A love, unconditional

I have been linked to this person since birth (she’s 10 days older than I am) and we’ve shared an intriguing bond across nearly 44 years.
But I know hardly anything about her.
And yet, I love her.
(Not in a “oh, baby, oh, baby” kind of way either; it is much deeper, on so many different levels that I can’t even begin to explain – and I’m supposed to be so good with words.)
I can go years without seeing or talking to her, but when I do, we just return to this weird lock-step pattern – like when you’re walking with friends down the street and all of a sudden realize your legs have become synchronized – and everything is interesting and alive again.
It’s old, but it’s new, too.
How love should feel.
Is it true love?
How the hell should I know?
I just know I love her on a lot of levels.
(She came over for dinner with much of my family; we spent time in the kitchen, trying to talk – but spent most of the time looking intensely into each-other’s eyes, and felt this urge to touch, to hug, to hold one-another – as people kept streaming in. She managed to grab my hand once, and wink.)
She has a marriage that is messier than mine own.
“I just don’t want to get into anything right now,” she said in the kitchen. “It’s just too hard to explain to people.”
“I don’t want to start anything either,” I said. “Timing is everything.”
While home, every time my cell rang, I hoped it was her. To talk. To make plans to see her cabin by the Platte River. To see her.
To be close, just for an instant.
“I can’t believe that two weeks is almost up,” she said as she gazed into my eyes. “Everything is so complicated.”
She’s got a 6-year-old son (and I had I all could handle with my 78-year-old father).
She has a husband that hasn’t touched her, held her, in years.
And she’s beautiful and strong and interesting (she cried as hard as we did at my mom’s funeral – she came to the graveside services – because of our shared experience; I was her first kiss and she was mine; she has, in a shoebox, every note and card I have ever written her; and it was my mom who was her first visitor at the hospital when her son was born).
Over the weekend, she called to check on my dad.
She cried for his trials (and sent me to tears, because she truly cares).
She’s already made plans to visit dad in the hospital.
She is a woman to love.
A woman to caress softly, to kiss roughly (when rough, animalistic kisses are called for) and to hold – so close that you can’t tell if that is your heart beating fast – or hers.
My life is in California; hers is in Nebraska.
Never say never (we did, during one of our marathon discussions, vow to hook up if when we were 60 and both single). Life is a mystery that opens slowly. Whatever happens, happens.
I am without hope or agenda, when it comes to a relationship with her. We always will remain friends – the kind of friend who can tell you hurtful, necessary things, but without the sting of anger – and that’s even better.

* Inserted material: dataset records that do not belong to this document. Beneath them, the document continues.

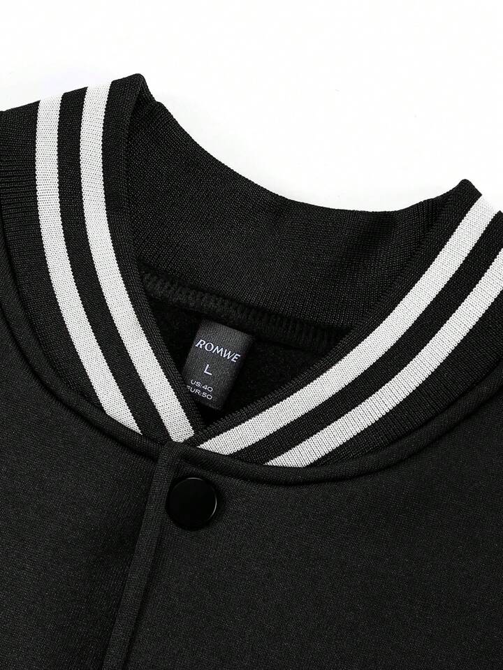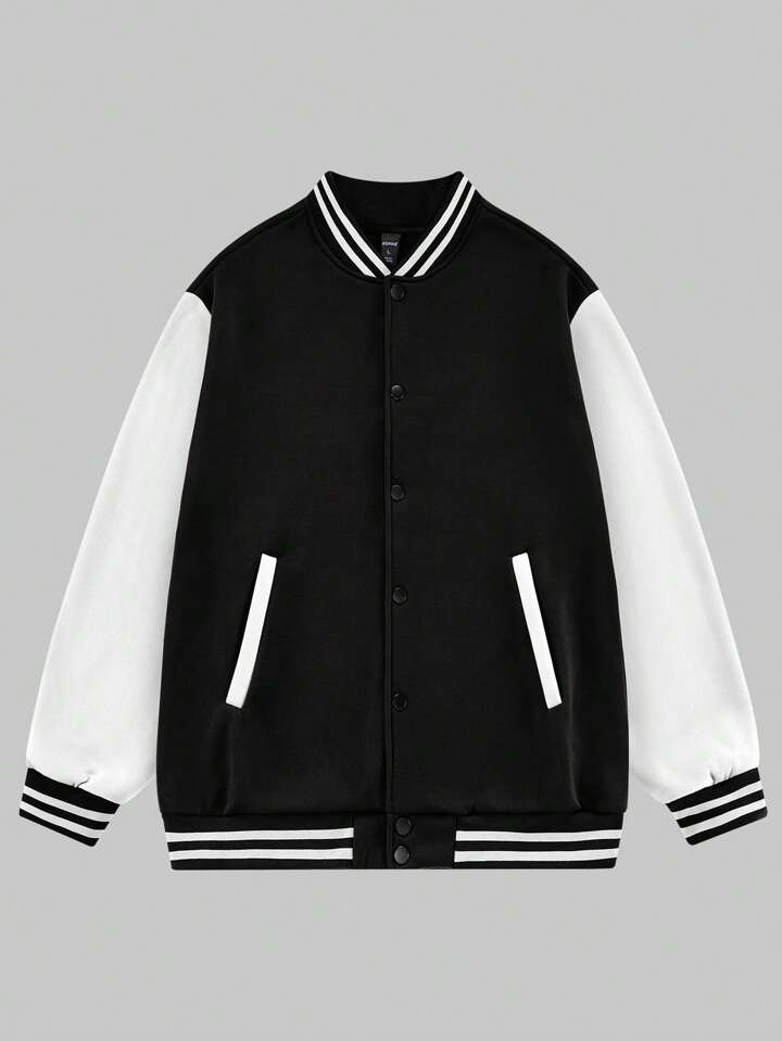 Street Life Men Letter Graphic Striped Trim Two Tone Varsity Jacket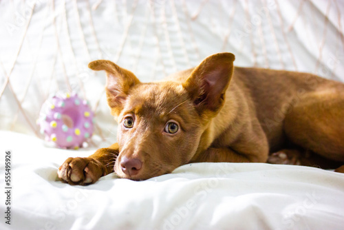 Podenco ibicenco, ibisan greyhound hunting little dog. Portrait of a funny brown puppy pup with sad eyes lying on a sofa indoors. Domestic animal with a toy. Mixed canine breed relaxing at home.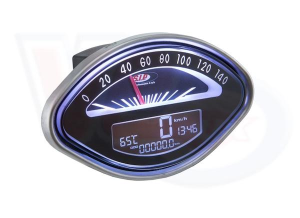 VE22086-BK SIP BLACK 2.0 SPEEDO-REV COUNTER - VESPA GT125-GL150-GS150-VBB150-GS160-180SS. .The functions of the SIP Rev counter/Speedometer 2.0: Analogue rev counter up to 12 or 14000 rpm, according to model. Digitally rev counter: rpm up to 14000 rpm. Maximum rpm. As an alternative to an analogue rev counter, the speedometer needle can also display maximum speeds of up 140 kph/mph. Digitally displayed speed: 199 kph or 140 mph Maximum speed.Temperature: 250C or 32-482F for cylinder head or cooling water temperature, a temperature sensor for the spark plug is also included in the delivery. Time. Maximum total measurable distance travelled: 99999 km or miles. Adjustable total journey distance. 'A' and 'B' stage distance extended to 9999,9 km or miles. 'A' and 'B' stage time 99,59 h. Average 'A' and 'B' stage speed 199 kph or 140 mph. Five back-light brightness setting. Fuel reserve warning.(optional with VE13092-W OMG Fast Flow fuel tap with level indicator). .Cross reference Sip 50000730.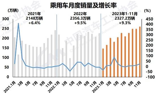 綜合1-11月,乘用車產(chǎn)銷分別完成2344.1萬輛和2327.2萬輛,同比分別增長8%和9.3%。其中,乘用車國內(nèi)銷量為1955.2萬輛,同比增長2.7%;出口372萬輛,同比增長65.1%。

Because what I’ve realized since our last embrace is there is another soul on this planet who loves me unconditionally. Because it has always been.
A love that crosses both time and space.
I’m one lucky bastard.
No matter how much bullshit gets piled on this life, that life, we remained connected.

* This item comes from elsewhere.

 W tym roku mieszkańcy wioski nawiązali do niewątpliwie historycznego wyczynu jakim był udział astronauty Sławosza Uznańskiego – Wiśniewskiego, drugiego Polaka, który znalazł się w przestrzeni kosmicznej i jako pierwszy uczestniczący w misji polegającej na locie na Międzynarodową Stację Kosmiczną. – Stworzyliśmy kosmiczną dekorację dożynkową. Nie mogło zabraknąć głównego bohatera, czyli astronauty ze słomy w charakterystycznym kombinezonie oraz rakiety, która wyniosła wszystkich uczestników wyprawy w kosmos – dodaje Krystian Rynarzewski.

And those few stolen instances of a kiss or an embrace or just a look and a smile are elevated to something simply magical.

Comments

Skigirl said…
Why, oh why didn't you ever marry this woman years ago??
I don't think it was ever meant to be that - I think it's bigger than marriage. It just is.
Anonymous said…
That kind of a connection with somebody is a rare, beautiful and mysterious thing... something you are very lucky to have.